I have a table like below where the key column contains information on the hierarchy.

columns = ["structure_id", "position", "hierarchy", "key", "key_text"]
data = [(1, 101, 1, 10000, "Europe"), (1, 102, 2, 11000, "France"), (1, 103, 3, 11100, "Paris"), (1, 104, 2, 12000, "Italy"), (1, 105, 3, 12100, "Rome"), (1, 106, 1, 20000, "Asia"), (1, 107, 2, 21000, "Japan")]
df = spark.createDataFrame(data).toDF(*columns)
df.show()
#+------------+--------+---------+-----+--------+
#|structure_id|position|hierarchy|  key|key_text|
#+------------+--------+---------+-----+--------+
#|           1|     101|        1|10000|  Europe|
#|           1|     102|        2|11000|  France|
#|           1|     103|        3|11100|   Paris|
#|           1|     104|        2|12000|   Italy|
#|           1|     105|        3|12100|    Rome|
#|           1|     106|        1|20000|    Asia|
#|           1|     107|        2|21000|   Japan|
#+------------+--------+---------+-----+--------+

I want to get for a given structure id and position, e.g. structure_id = 1 and position = 105, the key text from that position and also from any upper levels, i.e. in this example [Europe, Italy, Rome].

The "real" data contains approximately 50 different structure ids and > 10 hierarchy levels.

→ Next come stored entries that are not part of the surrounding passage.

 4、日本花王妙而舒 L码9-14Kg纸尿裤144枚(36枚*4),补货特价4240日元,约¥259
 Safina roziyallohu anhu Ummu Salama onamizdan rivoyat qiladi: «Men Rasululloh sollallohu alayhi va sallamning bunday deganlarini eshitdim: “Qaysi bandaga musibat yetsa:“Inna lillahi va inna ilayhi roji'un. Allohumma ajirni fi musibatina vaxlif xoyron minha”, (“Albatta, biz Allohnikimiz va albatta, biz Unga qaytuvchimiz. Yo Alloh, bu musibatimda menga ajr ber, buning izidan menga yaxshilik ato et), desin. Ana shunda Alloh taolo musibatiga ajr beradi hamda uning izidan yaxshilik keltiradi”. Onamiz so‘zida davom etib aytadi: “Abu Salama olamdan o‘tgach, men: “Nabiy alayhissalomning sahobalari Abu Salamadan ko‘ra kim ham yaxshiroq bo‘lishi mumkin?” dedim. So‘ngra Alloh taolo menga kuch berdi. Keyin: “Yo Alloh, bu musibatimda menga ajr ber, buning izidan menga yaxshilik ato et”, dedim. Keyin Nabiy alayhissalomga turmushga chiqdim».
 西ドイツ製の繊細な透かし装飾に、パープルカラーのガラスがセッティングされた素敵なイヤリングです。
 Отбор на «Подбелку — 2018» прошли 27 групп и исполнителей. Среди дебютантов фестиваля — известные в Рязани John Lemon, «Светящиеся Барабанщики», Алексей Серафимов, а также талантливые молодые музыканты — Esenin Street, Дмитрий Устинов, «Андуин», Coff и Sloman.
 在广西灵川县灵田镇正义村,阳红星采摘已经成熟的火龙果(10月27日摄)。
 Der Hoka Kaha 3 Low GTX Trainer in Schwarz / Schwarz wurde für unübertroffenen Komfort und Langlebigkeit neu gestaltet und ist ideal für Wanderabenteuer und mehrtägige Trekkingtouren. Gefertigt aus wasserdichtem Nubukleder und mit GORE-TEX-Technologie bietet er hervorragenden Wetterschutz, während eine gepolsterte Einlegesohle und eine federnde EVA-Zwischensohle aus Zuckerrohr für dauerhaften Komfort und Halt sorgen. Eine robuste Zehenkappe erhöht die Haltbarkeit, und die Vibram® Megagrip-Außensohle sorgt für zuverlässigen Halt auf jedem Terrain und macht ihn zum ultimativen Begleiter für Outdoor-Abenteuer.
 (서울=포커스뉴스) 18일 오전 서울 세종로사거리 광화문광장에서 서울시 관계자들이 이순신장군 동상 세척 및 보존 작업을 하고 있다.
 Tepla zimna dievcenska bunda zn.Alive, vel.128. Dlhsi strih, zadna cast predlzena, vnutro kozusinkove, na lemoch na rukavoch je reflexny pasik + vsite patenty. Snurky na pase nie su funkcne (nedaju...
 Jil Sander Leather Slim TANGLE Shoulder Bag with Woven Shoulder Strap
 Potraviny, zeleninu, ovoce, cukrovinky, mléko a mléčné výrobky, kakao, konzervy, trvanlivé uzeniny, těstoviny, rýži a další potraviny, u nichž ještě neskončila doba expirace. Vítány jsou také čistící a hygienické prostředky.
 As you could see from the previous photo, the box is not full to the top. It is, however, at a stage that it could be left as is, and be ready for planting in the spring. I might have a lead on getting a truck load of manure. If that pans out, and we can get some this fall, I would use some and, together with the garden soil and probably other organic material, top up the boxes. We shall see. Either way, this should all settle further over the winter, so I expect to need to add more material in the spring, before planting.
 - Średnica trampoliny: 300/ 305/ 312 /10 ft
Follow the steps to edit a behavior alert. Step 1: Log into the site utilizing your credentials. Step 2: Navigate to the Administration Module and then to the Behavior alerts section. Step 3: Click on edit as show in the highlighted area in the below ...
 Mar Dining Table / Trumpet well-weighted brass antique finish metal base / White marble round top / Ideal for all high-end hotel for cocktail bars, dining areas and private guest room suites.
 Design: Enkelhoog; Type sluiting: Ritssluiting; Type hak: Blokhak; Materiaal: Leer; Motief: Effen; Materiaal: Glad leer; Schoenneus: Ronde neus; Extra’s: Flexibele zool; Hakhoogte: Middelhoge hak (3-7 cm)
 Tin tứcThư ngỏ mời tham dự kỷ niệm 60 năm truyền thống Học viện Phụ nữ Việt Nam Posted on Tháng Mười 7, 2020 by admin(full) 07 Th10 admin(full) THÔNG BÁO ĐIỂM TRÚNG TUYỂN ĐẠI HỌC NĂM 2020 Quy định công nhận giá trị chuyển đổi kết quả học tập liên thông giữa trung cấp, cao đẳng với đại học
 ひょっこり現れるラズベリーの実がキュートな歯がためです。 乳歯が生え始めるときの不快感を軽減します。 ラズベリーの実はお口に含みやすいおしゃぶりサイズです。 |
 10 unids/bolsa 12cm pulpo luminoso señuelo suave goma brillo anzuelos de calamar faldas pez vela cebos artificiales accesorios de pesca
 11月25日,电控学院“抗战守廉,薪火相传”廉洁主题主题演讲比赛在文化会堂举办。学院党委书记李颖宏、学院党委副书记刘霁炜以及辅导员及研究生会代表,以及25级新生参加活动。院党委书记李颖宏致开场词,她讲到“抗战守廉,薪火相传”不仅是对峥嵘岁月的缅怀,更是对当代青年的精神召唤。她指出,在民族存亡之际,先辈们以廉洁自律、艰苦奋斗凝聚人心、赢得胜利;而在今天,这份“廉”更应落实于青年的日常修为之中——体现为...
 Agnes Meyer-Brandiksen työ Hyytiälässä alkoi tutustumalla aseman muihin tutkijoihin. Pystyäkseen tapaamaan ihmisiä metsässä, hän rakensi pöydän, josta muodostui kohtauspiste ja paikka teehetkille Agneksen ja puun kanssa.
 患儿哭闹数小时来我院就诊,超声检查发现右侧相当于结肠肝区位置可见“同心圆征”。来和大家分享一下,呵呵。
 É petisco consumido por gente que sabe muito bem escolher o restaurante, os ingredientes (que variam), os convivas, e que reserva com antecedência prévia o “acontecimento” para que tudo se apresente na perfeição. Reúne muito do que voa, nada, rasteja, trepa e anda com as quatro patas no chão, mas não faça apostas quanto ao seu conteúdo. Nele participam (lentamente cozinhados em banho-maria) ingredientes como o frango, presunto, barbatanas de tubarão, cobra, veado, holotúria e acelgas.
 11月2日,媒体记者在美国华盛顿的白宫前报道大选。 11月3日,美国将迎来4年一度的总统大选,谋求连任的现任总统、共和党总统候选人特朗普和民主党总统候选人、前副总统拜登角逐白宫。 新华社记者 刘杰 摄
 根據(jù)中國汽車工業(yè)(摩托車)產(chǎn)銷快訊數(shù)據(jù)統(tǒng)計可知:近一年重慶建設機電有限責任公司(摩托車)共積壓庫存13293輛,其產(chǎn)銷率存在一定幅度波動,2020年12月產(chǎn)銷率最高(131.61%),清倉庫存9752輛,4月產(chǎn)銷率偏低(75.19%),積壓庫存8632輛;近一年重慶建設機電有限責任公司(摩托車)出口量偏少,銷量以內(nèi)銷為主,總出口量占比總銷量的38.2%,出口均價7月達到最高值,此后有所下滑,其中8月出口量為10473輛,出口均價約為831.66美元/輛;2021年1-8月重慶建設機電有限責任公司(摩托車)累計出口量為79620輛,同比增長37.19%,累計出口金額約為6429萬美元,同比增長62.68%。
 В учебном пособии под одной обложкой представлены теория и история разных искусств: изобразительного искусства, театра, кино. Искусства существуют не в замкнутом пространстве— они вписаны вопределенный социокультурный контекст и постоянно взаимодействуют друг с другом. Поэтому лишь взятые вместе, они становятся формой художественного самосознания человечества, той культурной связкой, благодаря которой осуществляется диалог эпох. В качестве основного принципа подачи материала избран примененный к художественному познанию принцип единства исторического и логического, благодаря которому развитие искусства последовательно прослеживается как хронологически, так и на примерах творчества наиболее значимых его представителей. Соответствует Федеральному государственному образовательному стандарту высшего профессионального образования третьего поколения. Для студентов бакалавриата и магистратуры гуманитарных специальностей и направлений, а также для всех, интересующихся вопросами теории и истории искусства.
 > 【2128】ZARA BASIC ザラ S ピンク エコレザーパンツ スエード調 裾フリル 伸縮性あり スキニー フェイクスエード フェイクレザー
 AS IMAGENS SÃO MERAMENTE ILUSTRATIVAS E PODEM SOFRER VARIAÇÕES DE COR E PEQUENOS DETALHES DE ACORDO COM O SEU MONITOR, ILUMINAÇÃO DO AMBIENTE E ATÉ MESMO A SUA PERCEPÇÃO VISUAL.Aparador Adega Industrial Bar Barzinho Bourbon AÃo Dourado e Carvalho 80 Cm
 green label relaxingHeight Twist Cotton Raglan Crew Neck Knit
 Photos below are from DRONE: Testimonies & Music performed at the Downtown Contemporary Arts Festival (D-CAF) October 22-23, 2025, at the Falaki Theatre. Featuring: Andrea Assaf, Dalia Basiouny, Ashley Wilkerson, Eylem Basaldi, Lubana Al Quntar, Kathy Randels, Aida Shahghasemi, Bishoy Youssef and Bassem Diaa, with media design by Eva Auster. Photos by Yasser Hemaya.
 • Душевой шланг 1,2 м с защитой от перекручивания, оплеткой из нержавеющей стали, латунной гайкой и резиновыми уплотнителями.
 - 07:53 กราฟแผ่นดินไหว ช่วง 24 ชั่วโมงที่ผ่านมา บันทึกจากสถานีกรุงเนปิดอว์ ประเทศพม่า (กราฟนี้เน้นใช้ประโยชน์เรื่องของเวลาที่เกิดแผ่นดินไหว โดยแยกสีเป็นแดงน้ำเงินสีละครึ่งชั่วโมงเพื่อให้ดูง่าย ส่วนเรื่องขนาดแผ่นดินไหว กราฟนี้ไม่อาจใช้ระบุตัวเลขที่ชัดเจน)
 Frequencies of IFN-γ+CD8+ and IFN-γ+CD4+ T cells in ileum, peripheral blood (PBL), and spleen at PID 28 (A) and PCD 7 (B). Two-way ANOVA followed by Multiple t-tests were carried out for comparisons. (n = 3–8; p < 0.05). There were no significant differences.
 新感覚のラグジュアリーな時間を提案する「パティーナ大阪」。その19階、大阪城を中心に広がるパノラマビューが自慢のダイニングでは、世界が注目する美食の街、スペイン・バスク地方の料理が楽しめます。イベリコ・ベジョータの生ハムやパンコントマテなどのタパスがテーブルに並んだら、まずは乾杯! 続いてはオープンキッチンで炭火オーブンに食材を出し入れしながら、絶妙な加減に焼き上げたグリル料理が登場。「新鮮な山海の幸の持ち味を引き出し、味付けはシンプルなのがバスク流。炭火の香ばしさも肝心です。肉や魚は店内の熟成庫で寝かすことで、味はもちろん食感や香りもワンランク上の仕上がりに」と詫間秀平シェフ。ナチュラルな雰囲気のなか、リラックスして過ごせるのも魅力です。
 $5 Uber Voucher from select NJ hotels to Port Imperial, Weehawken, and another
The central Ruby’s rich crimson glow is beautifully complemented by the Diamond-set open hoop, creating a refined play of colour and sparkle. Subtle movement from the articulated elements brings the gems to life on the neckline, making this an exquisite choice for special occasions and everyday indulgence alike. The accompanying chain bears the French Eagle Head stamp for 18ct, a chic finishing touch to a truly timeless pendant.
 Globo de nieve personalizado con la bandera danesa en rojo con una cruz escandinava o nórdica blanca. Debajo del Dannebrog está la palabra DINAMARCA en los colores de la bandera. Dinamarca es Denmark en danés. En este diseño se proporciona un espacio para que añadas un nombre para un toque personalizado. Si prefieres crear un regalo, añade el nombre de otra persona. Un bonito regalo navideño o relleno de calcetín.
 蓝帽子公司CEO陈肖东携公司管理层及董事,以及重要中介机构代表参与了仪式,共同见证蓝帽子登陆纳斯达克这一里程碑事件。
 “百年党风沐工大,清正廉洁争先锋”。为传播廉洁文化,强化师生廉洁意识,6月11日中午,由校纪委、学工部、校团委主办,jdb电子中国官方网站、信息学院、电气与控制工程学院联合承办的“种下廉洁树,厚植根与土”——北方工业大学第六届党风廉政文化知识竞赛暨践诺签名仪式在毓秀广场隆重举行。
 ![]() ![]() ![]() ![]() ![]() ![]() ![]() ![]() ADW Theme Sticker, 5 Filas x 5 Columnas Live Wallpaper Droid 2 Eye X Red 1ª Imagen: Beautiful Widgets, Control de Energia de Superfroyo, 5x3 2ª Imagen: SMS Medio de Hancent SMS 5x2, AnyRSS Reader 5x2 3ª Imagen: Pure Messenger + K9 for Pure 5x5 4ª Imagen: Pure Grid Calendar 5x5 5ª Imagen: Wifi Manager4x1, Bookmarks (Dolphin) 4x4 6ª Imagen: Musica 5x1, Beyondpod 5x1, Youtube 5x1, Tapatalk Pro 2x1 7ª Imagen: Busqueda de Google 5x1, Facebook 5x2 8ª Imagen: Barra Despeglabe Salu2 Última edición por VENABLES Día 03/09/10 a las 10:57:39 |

I have transformed the original table in a very cumbersome way (lots of joins and temporarily creating a new column for each hierarchy level) into this:

#+------------+--------+---------+--------------------+
#|structure_id|position|hierarchy|           key_array|
#+------------+--------+---------+--------------------+
#|           1|     101|        1|            [Europe]|
#|           1|     102|        2|    [Europe, France]|
#|           1|     103|        3|[Europe, France, ...|
#|           1|     104|        2|     [Europe, Italy]|
#|           1|     105|        3|[Europe, Italy, R...|
#|           1|     106|        1|              [Asia]|
#|           1|     107|        2|       [Asia, Japan]|
#+------------+--------+---------+--------------------+

If the output format makes sense, I wonder how to efficiently transform the original table into this. Otherwise, I would like to know what would make sense, is it perhaps better to use a tree structure?

1

There are 1 best solutions below

1
BlueBike On

You could use a combination of a window and the collect_list aggregation like this:

ws = Window.partitionBy('structure_id').orderBy('hierarchy').rangeBetween(Window.unboundedPreceding, 0)

(
    df_original
    .withColumn('key_text_new', F.collect_list('key_text').over(ws))
    .show()
)

This returns the dataframe in the following format:

+------------+--------+---------+-----+--------+--------------------+
|Structure_ID|Position|Hierarchy|  Key|Key_Text|        key_text_new|
+------------+--------+---------+-----+--------+--------------------+
|           1|     101|        1|10000|  Europe|            [Europe]|
|           1|     102|        2|11000|  France|    [Europe, France]|
|           1|     103|        3|11100|   Paris|[Europe, France, ...|
|           2|     104|        1|20000|    Asia|              [Asia]|
|           2|     105|        2|21000|   Japan|       [Asia, Japan]|
+------------+--------+---------+-----+--------+--------------------+

Please note that I adjusted the Structure_ID from your example for Asia and Japan. I guess it should have been two from the key column that you provided.